For records that exceed the cap, the right move is not to skip the skill — it is to run a cheap pre-summarizer over the long fields and feed the summary into the expensive skill. Two cheap calls beat one truncated expensive call.

Cost-per-resolution: the only metric that matters

Tokens consumed is a vanity metric. Tokens consumed per closed-resolved incident with an accepted Now Assist suggestion is a useful metric. Build the indicator in Performance Analytics so leadership sees the same number every Monday:

Numerator:   SUM(u_now_assist_usage.u_total_tokens)
             WHERE skill = 'resolution_notes'
             AND created in [period]

Denominator: COUNT(incident)
             WHERE state = 6 (Resolved)
             AND u_assist_suggestion_accepted = true
             AND resolved in [period]

Plot it weekly. When the line trends up, something has degraded — usually the suggestion quality fell and agents stopped accepting, while the skill kept firing on every record. That is the early signal to retune the prompt or shrink the scope.
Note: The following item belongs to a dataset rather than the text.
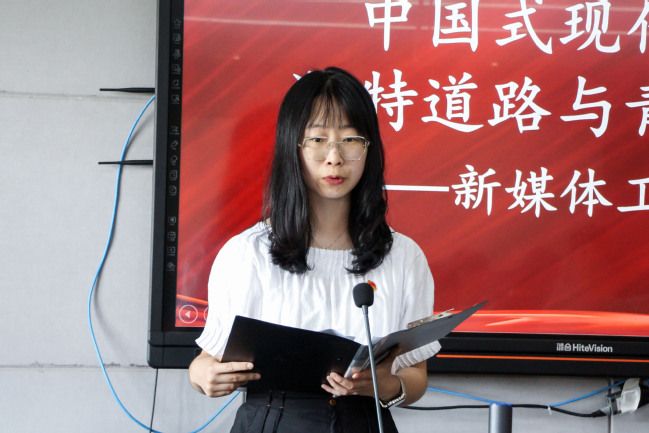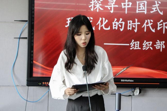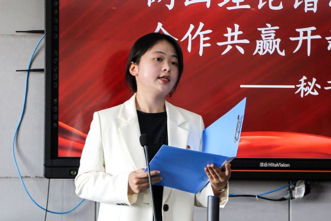 文艺部吴嘉莉以自身对中国特色社会主义的理解为引,倡议:青年是现代化建设的重要生力军,我们应该珍惜这个时代给予我们的机遇,共同努力,为国家现代化建设贡献青春力量。

The kill switch nobody builds until they need it

One sys_property, one Business Rule, one bad afternoon avoided:

// System Property: now_assist.skill.kill_list (comma-separated skill names)
// Business Rule on the wrapper Script Include, before any LLM call:
var killList = gs.getProperty('now_assist.skill.kill_list', '').split(',');
if (killList.indexOf(skillName) !== -1) {
    gs.warn('NowAssist: ' + skillName + ' is in kill list');
    return null;
}

Whoever is on call should be able to disable a misbehaving skill in under thirty seconds without an update set or a code change. If the kill switch requires a deploy, it is not a kill switch.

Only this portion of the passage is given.